The difference in calculations between the groups A and B is that in the first model, the one shall not considered prospective future sales in order to define the attractiveness of the possible transaction. Besides, in the second case the necessity to finance the product design and production mastering is absent, due to the fact that previous successful patterns have already been elaborated and financed.

Obviously, the most reasonable marketing decision will be the option to increase the production of the new commodities, Lion Tamer, while not completely abstaining from the production of the Bear Detectors. The fact that the production of the one unit of Bear Detector requires 2 hours of assemblage and Lion Tamer require only 1 fabrication hour and half an hour of the manual labor is the decisive factor, although the costs for the manual labor shall be considered. Overall, the previous accounting year indicated that the gross profit accrued by the Lion Tamer was more than 60% bigger than the profits brought by the sales of Bear Detectors.
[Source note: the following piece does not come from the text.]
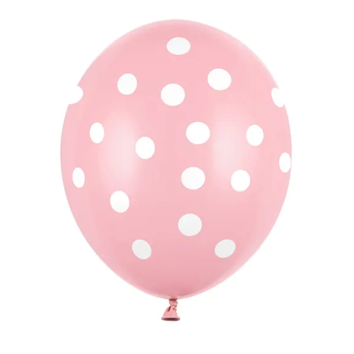 Różowy balon lateksowy z serii Strong ozdobiony nadrukiem białych groszków sprawdzi się doskonale jako dekoracja na urodziny, babyshower i wiele innych okazji! W naszej ofercie znajdziesz również paczki balonów z groszkami pakowane po 5, 10, 25, 50 i 100 sztuk!

The main peculiarities are that the production of the Lion Tamer require a portion of manual labor, this production is less time-consuming and is in greater demand among the customers. Besides, it must be particularly accentuated that the major competitor of the area is likely to file for a bankruptcy soon. The comparative analysis of the costs of goods indicates that the production of Beat Detectors is more costly while being less profitable for the company. ($ 530 000 of the expenses incurred by the Beat Detectors in contrast with the $ 81 000 associated with the manufacture of Lion Tamer items).

Therefore, the conclusion is twofold. Although, in order to increase profits it seems to be reasonable to cease the production of the Bear Detectors entirely, the supply of the Lion Tamer items has not already proved it’s stability in demand. Moreover, the labor costs are volatile in their nature and shall be permanently considered. If the labor costs increase, the profitable project may easily turn into the losing one. Therefore, the most advisable option for the Board of Directors is the decrease in the production of Bear Detectors (but not the total cancellation of the project) and the experimental increase in the production and sales of the Lion Tamer.